Task to complete: The records follow. Copy them exactly, but omit the pictures.

Exercise materials:
*** Block opens ***

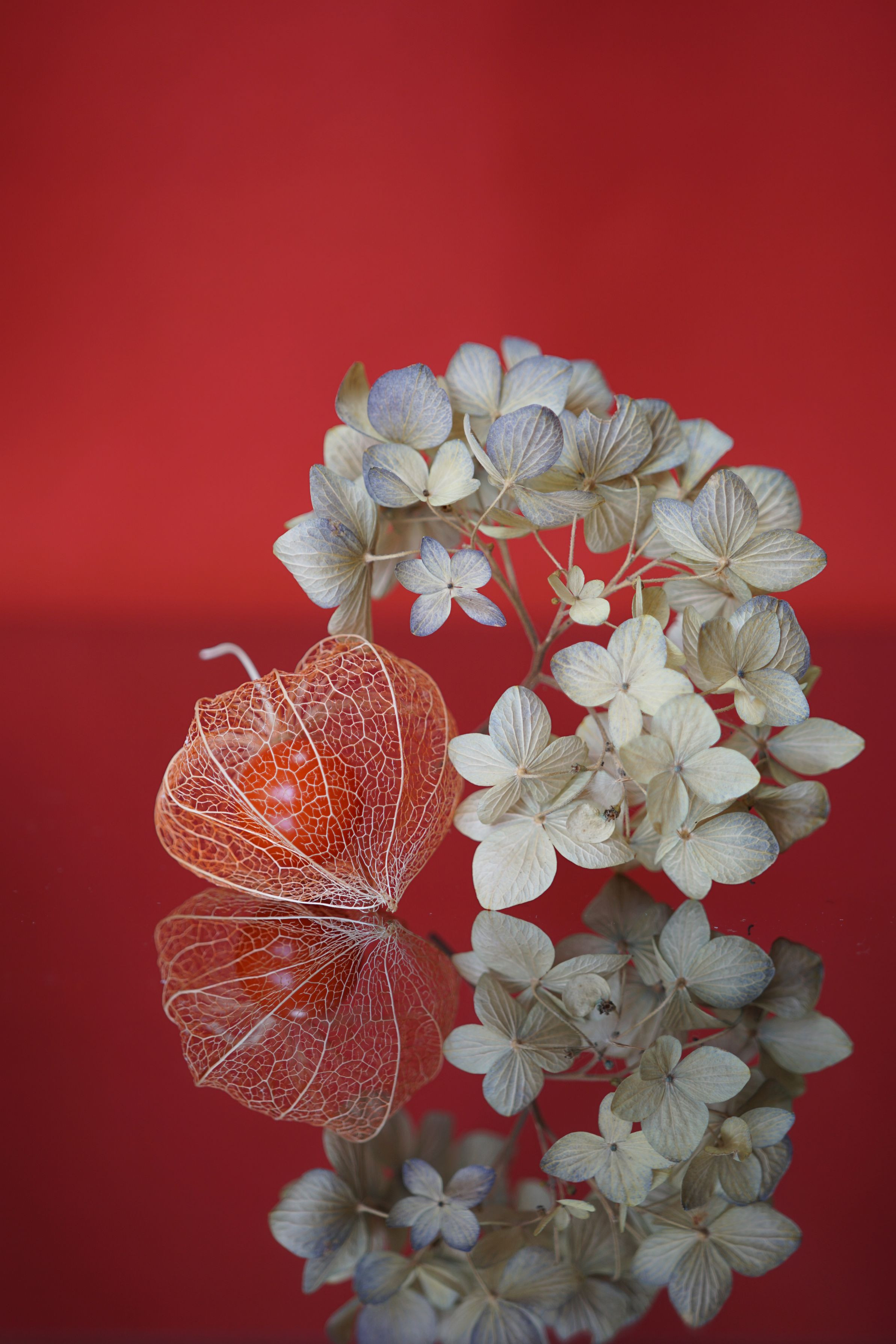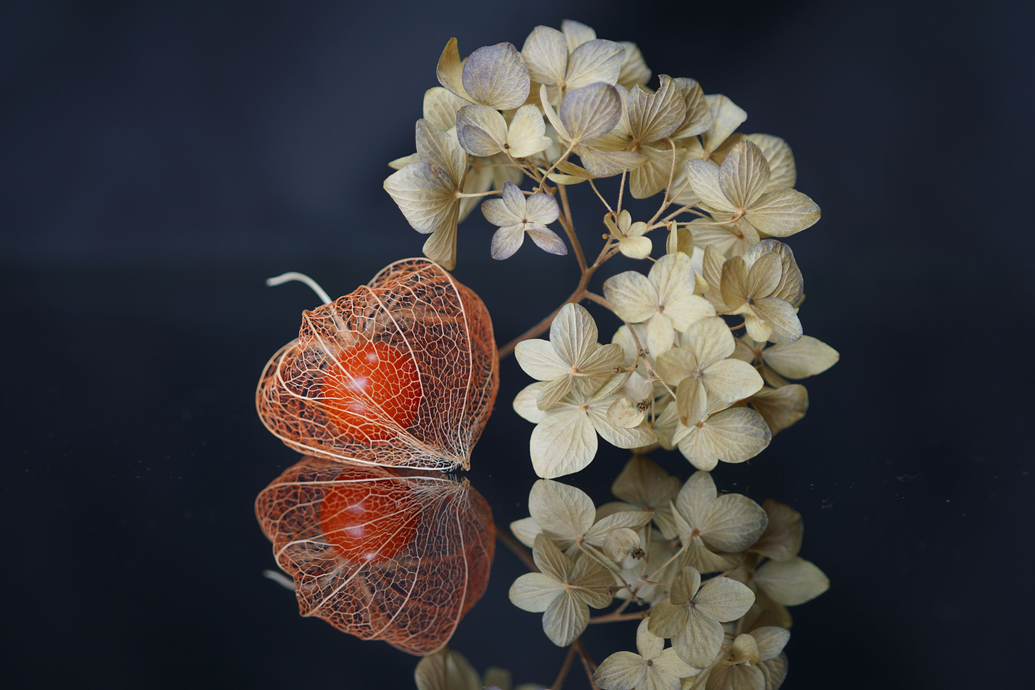 網ほおずきと枯れあじさい
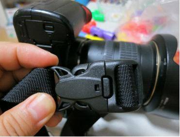 需要注意的是,肩带和织带连接时注意有凸点(左侧红圈内)的一侧对齐有空的这一侧,这样保证误操作打开连接而摔相机。正确连接后要是打开这个连接需要同时按住凸点后的那个突起和两侧才能打开。避免了误操作。
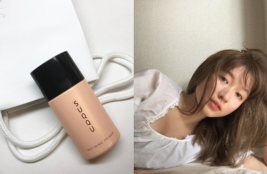 在容易黯沉的眼周部位疊上粉紅飾底乳,並在鼻翼與鼻子周圍、毛孔顯著的區域塗擦毛孔型飾底乳,藉由飾底乳自然的妝效,巧妙地修飾臉部的不同瑕疵。
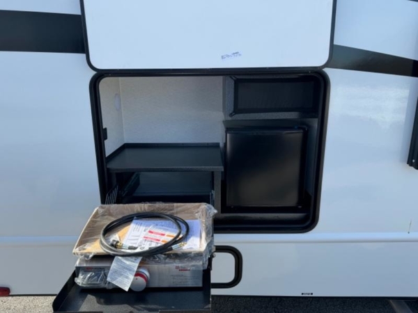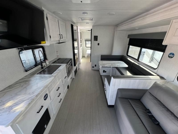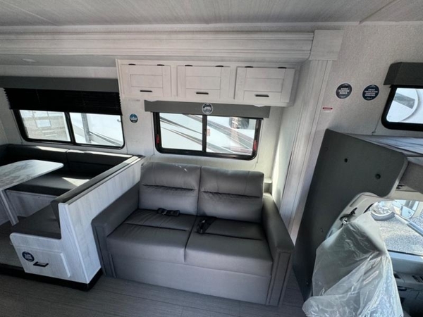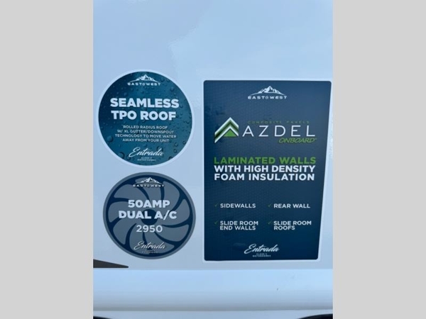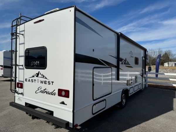 With any Entrada Class C gas motorhome from EAST TO WEST, the construction consists of a completely laminated coach, a one-piece molded fiberglass front cap, 2" thick sidewalls with Azdel composite exterior, a Dicor Diflex ll TPO roof, and integrated entry step. Some of the Entrada value package features include 12V tank heaters to camp during the cooler months, the Winegard Air 360+, plus backup and sideview cameras with monitor for safety on and off the road. The interior offers a 7-foot interior height for a spacious feel, and hardwood shaker style cabinets. Choose an Entrada for its tasteful design, attention to detail, bright interior and/or affordable price-point!
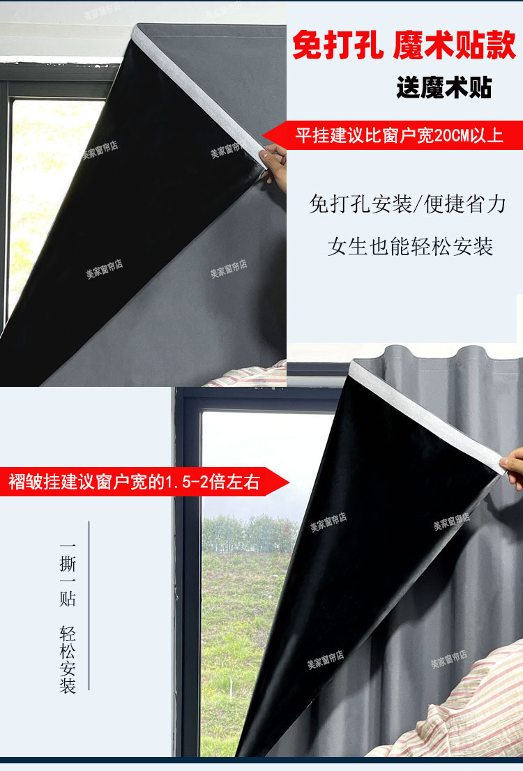펀치 무료 풀 그늘 천 커튼 그늘 단열 침실 발코니 매직 스티커 기숙사 쉬운 교차 설치 테두리
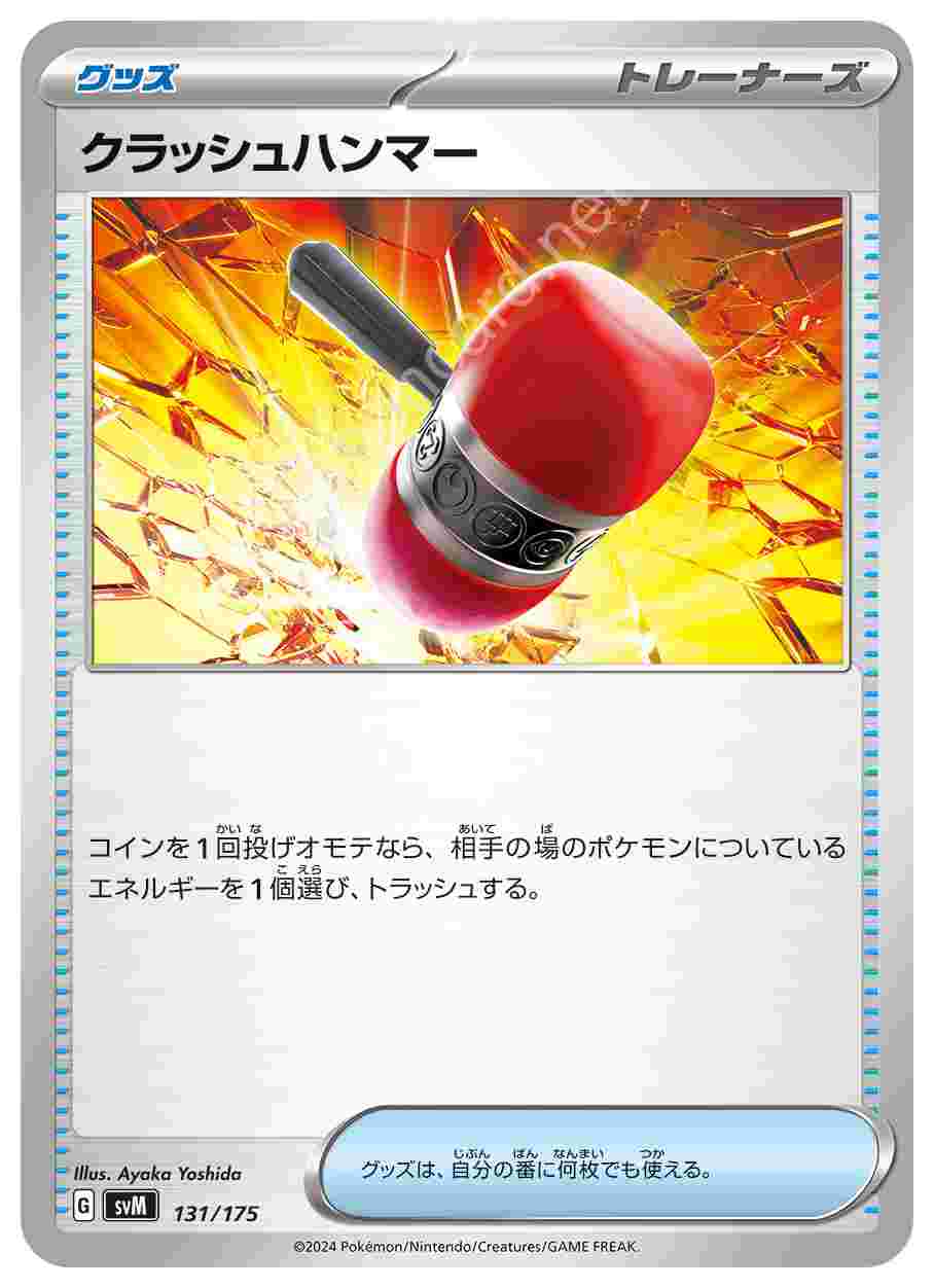 ![]() | クラッシュハンマー | グッズ | コインを1回投げオモテなら、相手の場のポケモンについているエネルギーを1個選び、トラッシュする。グッズは、自分の番に何枚でも使える。 | スタートデッキGenerations ルギアex・バンギラスex スタートデッキ Generations | ★★★ | 131/175 |
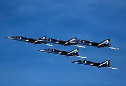 The XT-2 was redesignated T-2 on 29 August 1973,[5] entering service in 1975, with the first unit, the 21st Hikōtai becoming fully operational on 1 October 1976, with a second squadron, the 22nd Hikōtai following on 5 April 1978, allowing the North American F-86 Sabre to be phased out of the advanced training role. The "Blue Impulse" aerobatic display team of the JASDF re-equipped with the T-2 in the winter of 1981–82. T-2s were also used by a dedicated Aggressor squadron, being replaced by the McDonnell Douglas F-15 Eagle. T-2s were also used as conversion trainers for squadrons operating the Mitsubishi F-1, a development of the T-2.[14]

*** Block closes ***

Solution to the problem:
 網ほおずきと枯れあじさい
 需要注意的是,肩带和织带连接时注意有凸点(左侧红圈内)的一侧对齐有空的这一侧,这样保证误操作打开连接而摔相机。正确连接后要是打开这个连接需要同时按住凸点后的那个突起和两侧才能打开。避免了误操作。
 在容易黯沉的眼周部位疊上粉紅飾底乳,並在鼻翼與鼻子周圍、毛孔顯著的區域塗擦毛孔型飾底乳,藉由飾底乳自然的妝效,巧妙地修飾臉部的不同瑕疵。
 With any Entrada Class C gas motorhome from EAST TO WEST, the construction consists of a completely laminated coach, a one-piece molded fiberglass front cap, 2" thick sidewalls with Azdel composite exterior, a Dicor Diflex ll TPO roof, and integrated entry step. Some of the Entrada value package features include 12V tank heaters to camp during the cooler months, the Winegard Air 360+, plus backup and sideview cameras with monitor for safety on and off the road. The interior offers a 7-foot interior height for a spacious feel, and hardwood shaker style cabinets. Choose an Entrada for its tasteful design, attention to detail, bright interior and/or affordable price-point!
펀치 무료 풀 그늘 천 커튼 그늘 단열 침실 발코니 매직 스티커 기숙사 쉬운 교차 설치 테두리
 ![]() | クラッシュハンマー | グッズ | コインを1回投げオモテなら、相手の場のポケモンについているエネルギーを1個選び、トラッシュする。グッズは、自分の番に何枚でも使える。 | スタートデッキGenerations ルギアex・バンギラスex スタートデッキ Generations | ★★★ | 131/175 |
 The XT-2 was redesignated T-2 on 29 August 1973,[5] entering service in 1975, with the first unit, the 21st Hikōtai becoming fully operational on 1 October 1976, with a second squadron, the 22nd Hikōtai following on 5 April 1978, allowing the North American F-86 Sabre to be phased out of the advanced training role. The "Blue Impulse" aerobatic display team of the JASDF re-equipped with the T-2 in the winter of 1981–82. T-2s were also used by a dedicated Aggressor squadron, being replaced by the McDonnell Douglas F-15 Eagle. T-2s were also used as conversion trainers for squadrons operating the Mitsubishi F-1, a development of the T-2.[14]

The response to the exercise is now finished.